■ Data extract:
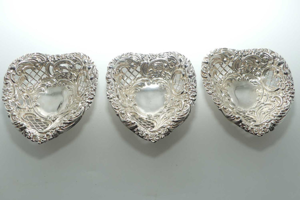 Boxed set of 3 Sterling Silver heart shape bon bon dishes on 3 ball feet
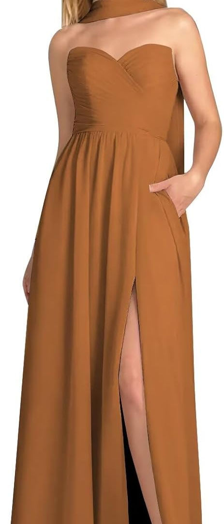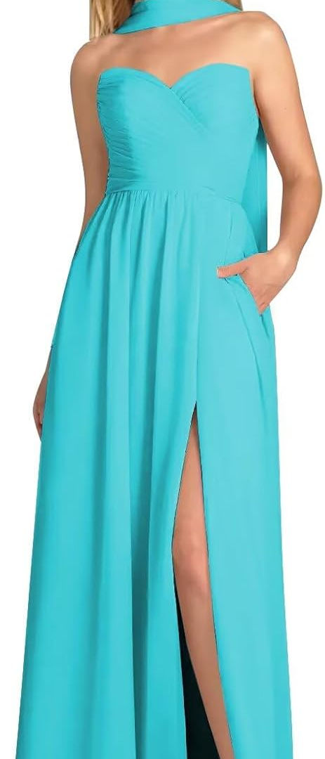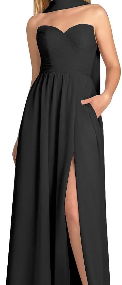 Chiffon Bridesmaid Dress Strapless Sweetheart Ruffle Slit Long Formal Evening Go
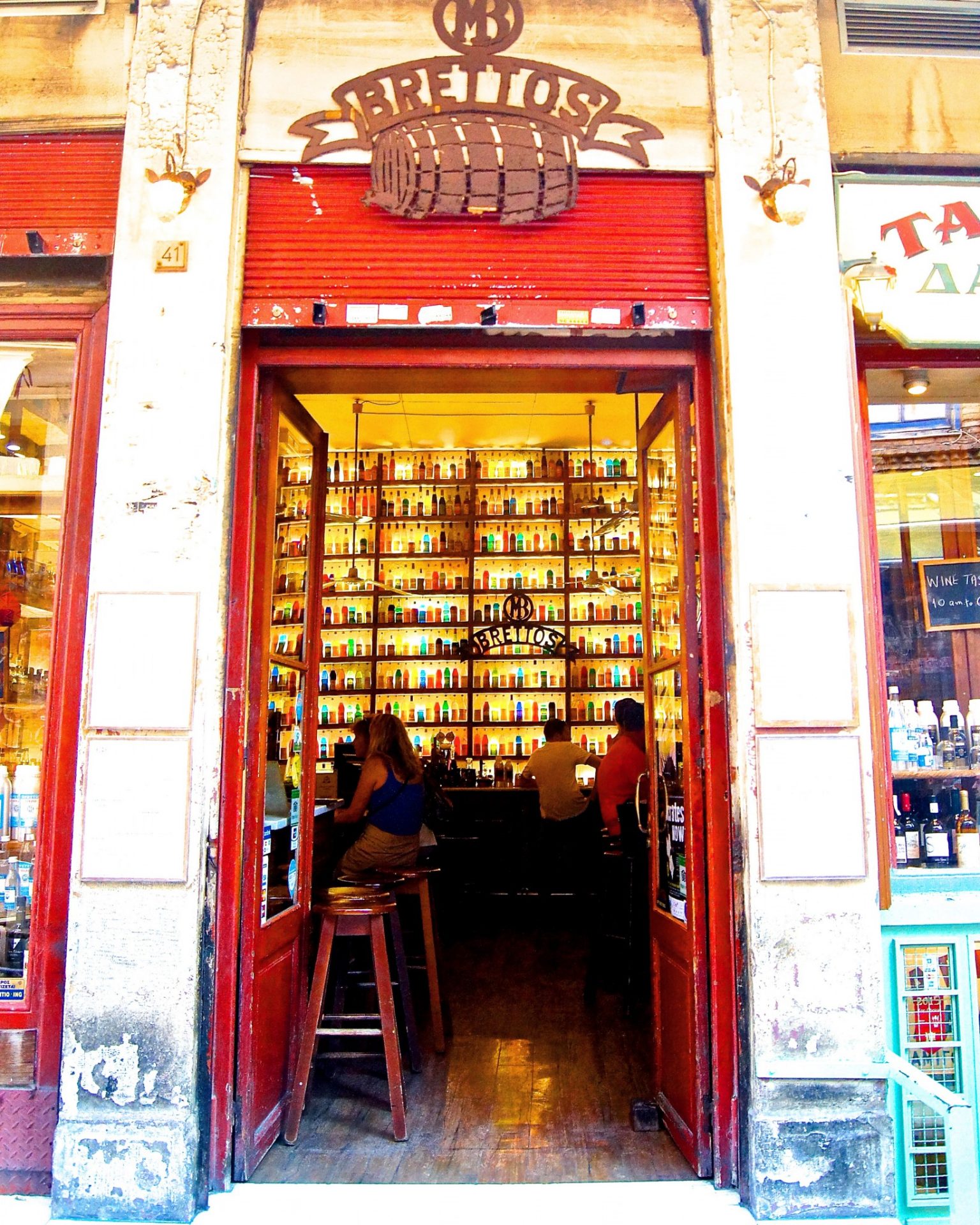 In my wanderings around Athens, I came across a cool little bar called Brettos. Most people visiting Athens will end up in the Plaka area, for it’s where you will find many archeological sites, great street dining, shopping and of course Brettos. As I was exploring the streets, I came across Brettos bar in Athens by pure chance, I’m so glad I did. From the street my eyes were immediately drawn inside by the colourful wall of brightly lit bottles. The sign out the front said wine tasting all day, so I checked my watch (it was early) and figured ‘ah it must be 5 o’clock somewhere in the world’, so in I went to take a closer look.
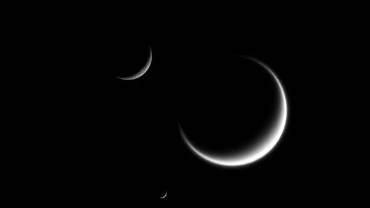 Если рассматривать, то самый большой полумесяц на фото — это Титан. Данный спутник был запечатлен космическим аппаратом с расстояния 2 млн км. Второй по величине полумесяц — это Рея, которая была сфотографирована с расстояния 3,5 млн км. Маленьким полумесяцем является Мимас. Его фото было сделано с расстояния в 3,1 млн км.
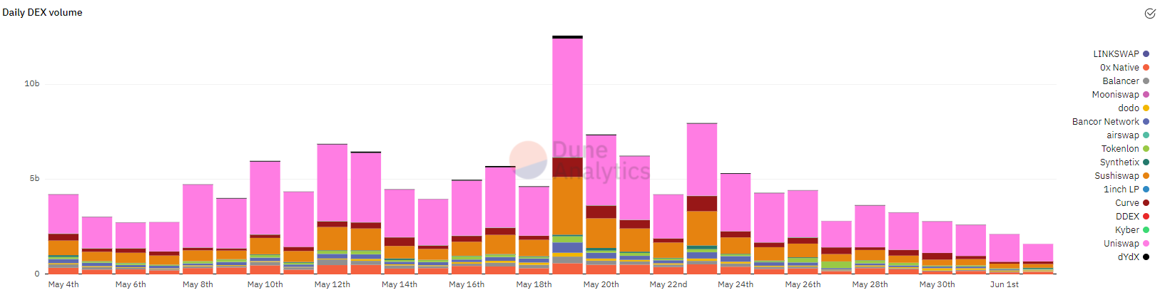 In less than a year, Uniswap evolved into the top DEX serving the crypto community, seeing an all-time record of $5.74 billion in 24-hour trading volume during the market sell-off on May 19 and $5.37 billion in total volume locked on the platform.
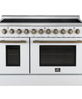 Forno Paolo 48 Inch Freestanding Electric Range in White with Antique Brass, 6.7 cu.ft, True Convection Oven, Energy Efficient

■ Exercise directions: Set the data above down again exactly as given, with no pictures.

■ Output below:
 Boxed set of 3 Sterling Silver heart shape bon bon dishes on 3 ball feet
 Chiffon Bridesmaid Dress Strapless Sweetheart Ruffle Slit Long Formal Evening Go
 In my wanderings around Athens, I came across a cool little bar called Brettos. Most people visiting Athens will end up in the Plaka area, for it’s where you will find many archeological sites, great street dining, shopping and of course Brettos. As I was exploring the streets, I came across Brettos bar in Athens by pure chance, I’m so glad I did. From the street my eyes were immediately drawn inside by the colourful wall of brightly lit bottles. The sign out the front said wine tasting all day, so I checked my watch (it was early) and figured ‘ah it must be 5 o’clock somewhere in the world’, so in I went to take a closer look.
 Если рассматривать, то самый большой полумесяц на фото — это Титан. Данный спутник был запечатлен космическим аппаратом с расстояния 2 млн км. Второй по величине полумесяц — это Рея, которая была сфотографирована с расстояния 3,5 млн км. Маленьким полумесяцем является Мимас. Его фото было сделано с расстояния в 3,1 млн км.
 In less than a year, Uniswap evolved into the top DEX serving the crypto community, seeing an all-time record of $5.74 billion in 24-hour trading volume during the market sell-off on May 19 and $5.37 billion in total volume locked on the platform.
 Forno Paolo 48 Inch Freestanding Electric Range in White with Antique Brass, 6.7 cu.ft, True Convection Oven, Energy Efficient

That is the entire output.